Neurocysticercosis (NCC), the infection of the central nervous system (CNS) caused by the
metacestode larva of Taenia solium, the pork tapeworm, is endemic in most developing
countries and identified as the most common cause of acquired epilepsy worldwide. The
parasites cause a chronic neuroinflammation and pathological studies reveal reactive
astrogliosis, fibrosis, angiogenesis, alteration of the brain blood barrier permeability and
overexpression of both inflammatory and anti-inflammatory cytokines. Yet to this end we poorly
understand the mechanisms underlying the pathology in NCC patients, and have minimal
clinical means to prevent neurological complications in these patients. Effective treatment for
NCC remains a challenge, as the severity of disease symptoms is thought to be a result of
pathologic inflammatory response induced by the degenerating larvae.
We have pioneered an in vitro model of T. solium larval development, from the infectious stage
(the oncosphere), through large 60-day post-oncospheres. During these stages and until the
parasite reaches a mature larva or cysticerci, the parasite itself changes its protein expression
profile, however we have little to no information on the molecules secreted by each stage.
TGF-ß plays a pivotal role in a large spectrum of infections with protozoa and helminths.
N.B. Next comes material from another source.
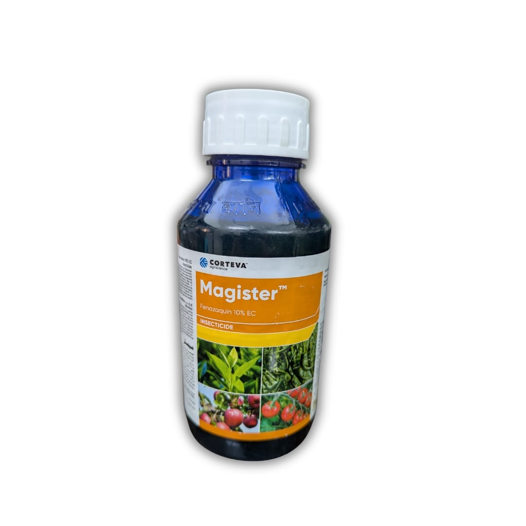 Magister® 10% EC is a highly effective insecticide (acaricide/miticide) based on an active ingredient Fenazaquin for effective control of insect pests. Excellent miticide with unique ovicidal activity Magister exhibits true ovicidal activity, preventing hatching of tea pests and gives superior residual control for a longer period. It is also relatively safe for beneficial / predatory mites such as Phystoseiulus spp, amplyeius spp which help in the reduction of mite population. Crops: Apple, Brinjal, Okra, Pepper, Tea, Tomato Target Pests: Acaphylla theae, Oligonychus coffeae, Brevipalpus californicus, Polyphagotersonemus latus, Calacarus Carinatus, Tetranychus urticae Dose: Tea: 1000-1250 ml in 400 - 600 litres of water. Apple: 400 ml in 1000 litres of water. Okra, Brinjal, Tomato and Chilli: 1250 ml in 500 litres of water. Pack Sizes: 100 ml, 250 ml, 500 ml, 1 liter The information provided here is for reference only. Always refer to the product labels and accompanying leaflets for complete product details and directions for use.

Besides the importance of host TGF-ß signaling in the regulation of host-parasite interactions,
much evidence has shown that helminth parasites might directly influence the TGF-ß dependent
pathway via the expression of TGF-ß receptor and ligand homologues. Based on these studies,
we will take advantage of our in vitro model and examine the excretory/secretory (E/S) products
of the different larval stages of development of T. solium to test for immunomodulatory
functions, starting with TGF-ß. E/S from the five different stages of T. solium larval development
(oncosphere, postoncospheres at 15, 30 and 60 days of growth and mature cysts), to proteomic
analysis by mass spectrometry, characterize each stage’s secretome and compare the
spectrum of secreted molecules between the stages. We will interrogate this new resource to
identify homologues of members of the TGF-ß superfamily. Additionally, E/S proteins from the
different development stages of the larvae will be fractionated using both gel filtration and anion
exchange Fast Protein Liquid Chromatography to provide a resource for use in subsequent in
vitro assays in order to functionally test for and identify new immunomodulators.
We will then test T. solium E/S for TGF-ß like activity utilizing in the first instance a sensitive
TGF-ß reporter cell line. Positive E/S will then have its fraction profile tested to narrow down the
identification of candidate molecules to screen in vitro, and the active fraction(s) will be subject
to mass spectrometry. Subsequently, E/S will be tested in in vitro cultures of naïve CD4+ Tcells
with IL-2 and anti-CD3 in order to assess the induction of the transcription factor Foxp3, that
indicates that these cells have been induced to Tregs by a TGF-ß homologue or mimic.
Molecules with positive activity will be identified and recombinantly expressed, their activity will
be characterized using the reporter MFB-F11 bioassay and in in vitro regulatory T cell induction
To identify TGF-ß mimic proteins in the T. solium larvae has the potential both to change our
understanding of parasite adaptation to the host and to develop possible therapies for immune
mediated disease. In addition, understanding developmental signals required for parasite
maturation may open new avenues for pharmaceutical treatment of infection.